Go to the line holding "Of course, every" in the entries below and write out exactly every line down to and including the line holding "出産後は授乳やおむつ、睡眠な".

→ DATA SHOWN
┌────────
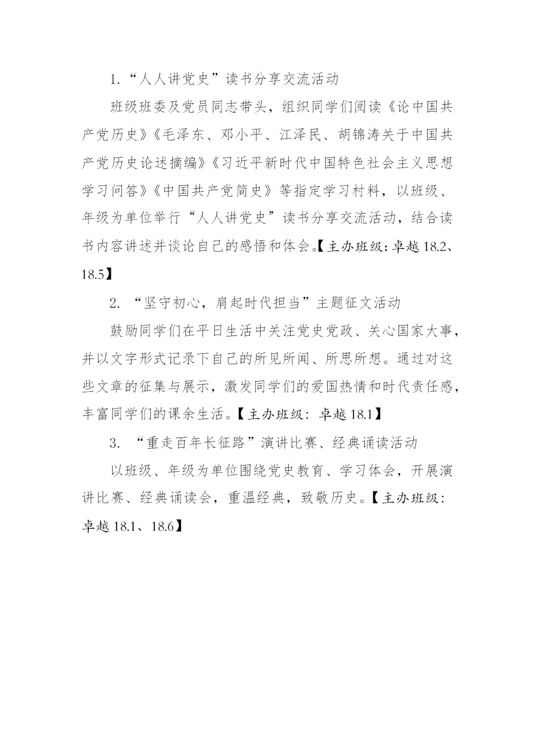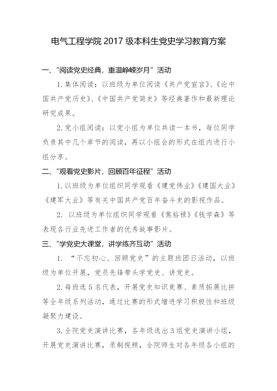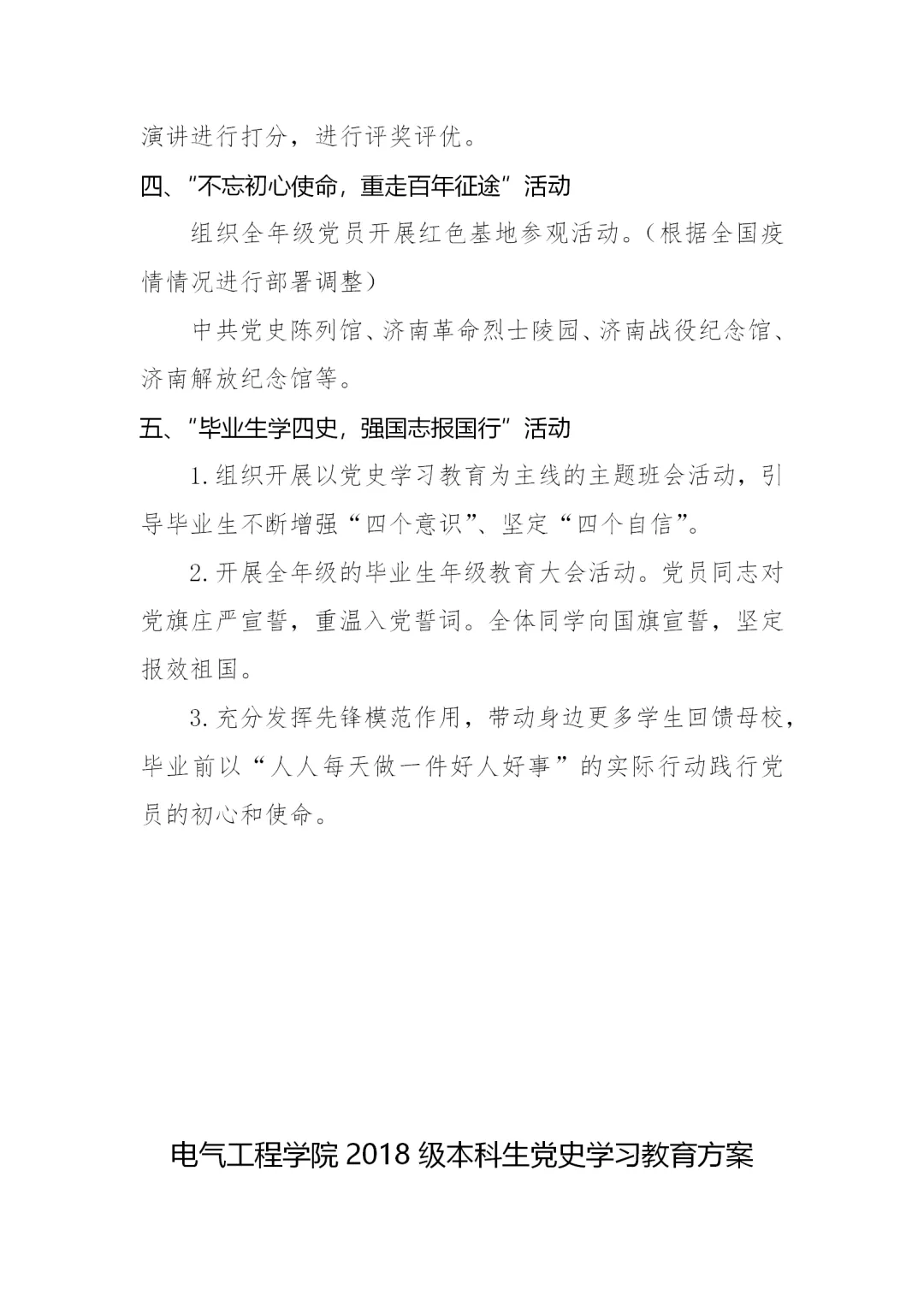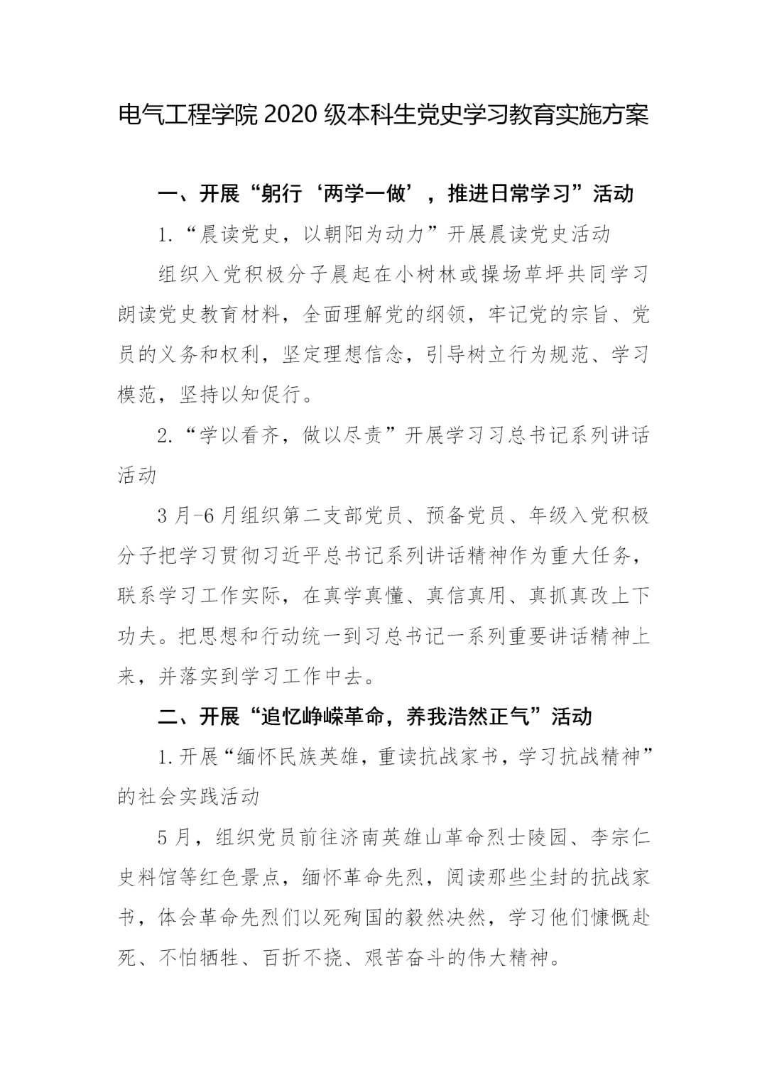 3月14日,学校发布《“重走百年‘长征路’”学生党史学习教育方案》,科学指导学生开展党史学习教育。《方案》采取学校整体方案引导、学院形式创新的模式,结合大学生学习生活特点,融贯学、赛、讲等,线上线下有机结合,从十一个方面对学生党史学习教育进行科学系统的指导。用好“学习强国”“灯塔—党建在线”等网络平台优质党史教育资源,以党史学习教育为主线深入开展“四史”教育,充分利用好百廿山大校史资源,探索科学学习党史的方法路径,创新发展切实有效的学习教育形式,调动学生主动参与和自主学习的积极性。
└────────
┌────────
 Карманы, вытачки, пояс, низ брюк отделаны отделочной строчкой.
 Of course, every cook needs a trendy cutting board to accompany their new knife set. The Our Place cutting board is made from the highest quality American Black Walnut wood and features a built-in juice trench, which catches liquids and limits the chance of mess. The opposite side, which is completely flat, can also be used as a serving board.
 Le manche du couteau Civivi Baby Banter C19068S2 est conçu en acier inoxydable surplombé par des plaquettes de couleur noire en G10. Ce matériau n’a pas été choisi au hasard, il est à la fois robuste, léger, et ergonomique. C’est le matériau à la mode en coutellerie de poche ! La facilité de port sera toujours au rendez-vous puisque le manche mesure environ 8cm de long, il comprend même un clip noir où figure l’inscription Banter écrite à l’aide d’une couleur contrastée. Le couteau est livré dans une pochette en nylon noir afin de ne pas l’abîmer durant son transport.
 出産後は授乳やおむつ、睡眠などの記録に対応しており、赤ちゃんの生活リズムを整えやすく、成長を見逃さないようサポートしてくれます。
└────────
┌────────
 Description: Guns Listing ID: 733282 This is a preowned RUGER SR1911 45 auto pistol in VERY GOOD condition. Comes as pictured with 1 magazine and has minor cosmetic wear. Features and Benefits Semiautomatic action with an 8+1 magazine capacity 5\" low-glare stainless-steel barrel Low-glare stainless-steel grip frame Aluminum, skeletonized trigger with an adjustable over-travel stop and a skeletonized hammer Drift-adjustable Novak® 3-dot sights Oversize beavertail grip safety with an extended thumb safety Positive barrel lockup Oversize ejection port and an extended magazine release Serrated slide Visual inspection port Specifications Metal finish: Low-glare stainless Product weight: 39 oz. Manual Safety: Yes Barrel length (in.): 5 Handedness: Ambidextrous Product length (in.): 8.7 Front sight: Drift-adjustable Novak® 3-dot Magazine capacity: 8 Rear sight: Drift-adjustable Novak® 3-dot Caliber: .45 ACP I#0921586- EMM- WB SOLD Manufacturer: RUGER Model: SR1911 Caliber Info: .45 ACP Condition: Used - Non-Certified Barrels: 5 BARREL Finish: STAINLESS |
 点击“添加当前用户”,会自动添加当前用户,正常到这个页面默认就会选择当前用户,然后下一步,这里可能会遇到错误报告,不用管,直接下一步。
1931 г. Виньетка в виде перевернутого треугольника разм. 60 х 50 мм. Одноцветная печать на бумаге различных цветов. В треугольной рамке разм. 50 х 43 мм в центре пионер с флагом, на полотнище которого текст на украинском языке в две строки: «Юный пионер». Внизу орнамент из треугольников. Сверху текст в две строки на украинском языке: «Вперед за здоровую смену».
└────────
→ ANSWER SECTION
 Of course, every cook needs a trendy cutting board to accompany their new knife set. The Our Place cutting board is made from the highest quality American Black Walnut wood and features a built-in juice trench, which catches liquids and limits the chance of mess. The opposite side, which is completely flat, can also be used as a serving board.
 Le manche du couteau Civivi Baby Banter C19068S2 est conçu en acier inoxydable surplombé par des plaquettes de couleur noire en G10. Ce matériau n’a pas été choisi au hasard, il est à la fois robuste, léger, et ergonomique. C’est le matériau à la mode en coutellerie de poche ! La facilité de port sera toujours au rendez-vous puisque le manche mesure environ 8cm de long, il comprend même un clip noir où figure l’inscription Banter écrite à l’aide d’une couleur contrastée. Le couteau est livré dans une pochette en nylon noir afin de ne pas l’abîmer durant son transport.
 出産後は授乳やおむつ、睡眠などの記録に対応しており、赤ちゃんの生活リズムを整えやすく、成長を見逃さないようサポートしてくれます。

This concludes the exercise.